First the weeping willow trees.
I love weeping willow trees.
I have since I was a kid, and I was convinced that walking through their branches would take me into another world. (Yes, I was looking for Narnia after wearing out all of the closets in the house.) I now visit this beautiful grove of seven trees on a fairly regular basis, and they are still enchanted trees for me. I love walking through the branches and smelling their distinct green smell and sitting under their branches hidden from everybody. I feel eight years old. This grove became a natural stopping place on my walks for mediation where I listened to the wind blow through the trees and the lake lap onto the beach and barriers near by.
After finding the willow trees and continuing south I discovered Chicago’s best kept secret: The Daphne statues.
I cannot tell you how beautiful these statues are. I will have to show you.
Aren’t they incredible? I know they have a story to tell. I think it’s a fairy tale. I will write this fairy tale or myth of why these beautiful goddesses dance on Northerly Island watching over Chicago. (You can found out the historical story of The Daphnes here.) So now my creativity is sparking because of The Daphnes.
Sometimes I take a verse with me on my walk (another idea from The Artist’s Rule). On Holy Saturday I took Matthew 27:61 with me: “Mary Magdalene and the other Mary were there, sitting opposite the tomb (DFV).” I meditated on this holy day of waiting on the Marys waiting and sitting opposite of the tomb. How long did they hold their vigil? Did they stay through the night and Sabbath, only leaving when they needed to go buy the spices to complete his burial? What was it like to sit opposite of the tomb, remaining there, bearing witness of Jesus’ death and crucifixion, with no knowledge of the coming resurrection? As I walked I felt a deep sense of silence and a deep sense of Godde’s presence. Of that unshakeable presence and love that not even death could overcome. It was a holy walk.

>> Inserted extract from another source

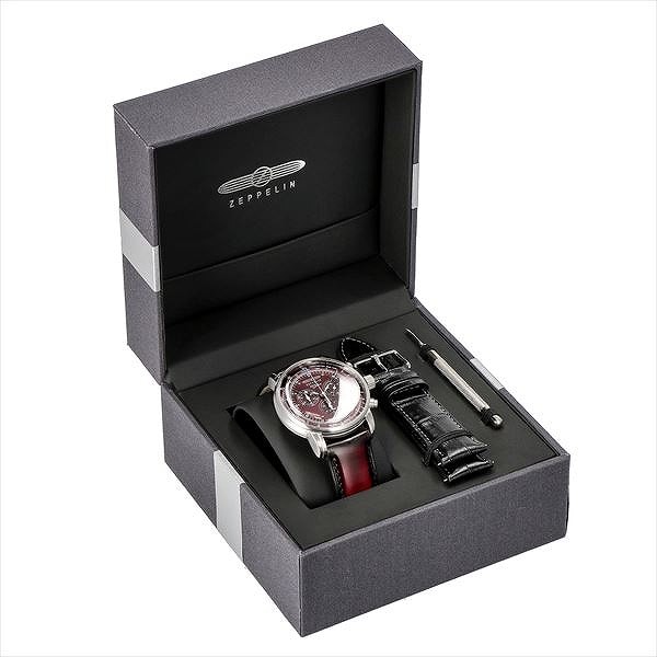 ベストセラー100周年記念シリーズクロノグラフアラームに新たに開発された、赤い文字盤のモデルが登場。この赤い文字盤は、 1927年に飛行船LZ127 号が世界一周の偉業に挑んだ際、飛行船の機体に映し出された美しい夕日の色を体現しています。交換用のベルトが付属した専用BOXでギフトにもおすすめの1本です。
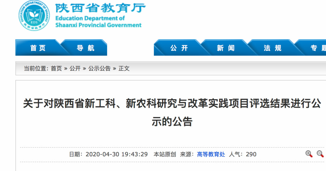 近日,陕西省教育厅在官网上公示了新工科、新农科研究与改革实践项目评选结果,共有180个项目进入公示名单。经学校申报、形式审查、专家评审,拟确定西安交通大学储能科学与工程专业新工科人才培养机制的探索与实践等158个项目为第二批省级新工科研究与实践项目,西北农林科技大学设施农业科学与工程专业优化改革攻坚探索实践等22个项目为省级新农科研究与改革实践项目。我校共9项新工科研究与实践项目进入公示名单,其中包括我...

I find myself praying, meditating and contemplating on my walks. I find myself listening for Godde–especially in the wind. The wind has always represented the Holy Spirit for me. I listen for Godde’s voice on the wind, and as the wind blows through the trees. Other times I find myself playing, taking off my shoes to splash through Lake Michigan then collapsing under the willow trees, wondering what world I will find myself in under their branches. I think both extremes bring me closer to Godde. Make me more like Christ. Make more of the woman Godde created me to be and helps me let go of the masks and disguises I’ve worn for years to conform to what the church said I should be. These walks have become one of my favorite spiritual practices.
What do you think of contemplative walking? Have you done this? What was your experience of walking to be in the present moment and with Godde in that moment? What things did you notice? What things did you let go of? Is this a practice you would be interested in trying?
If you do go on a contemplative walk this week, please let me know what you experienced and how you felt in the comments.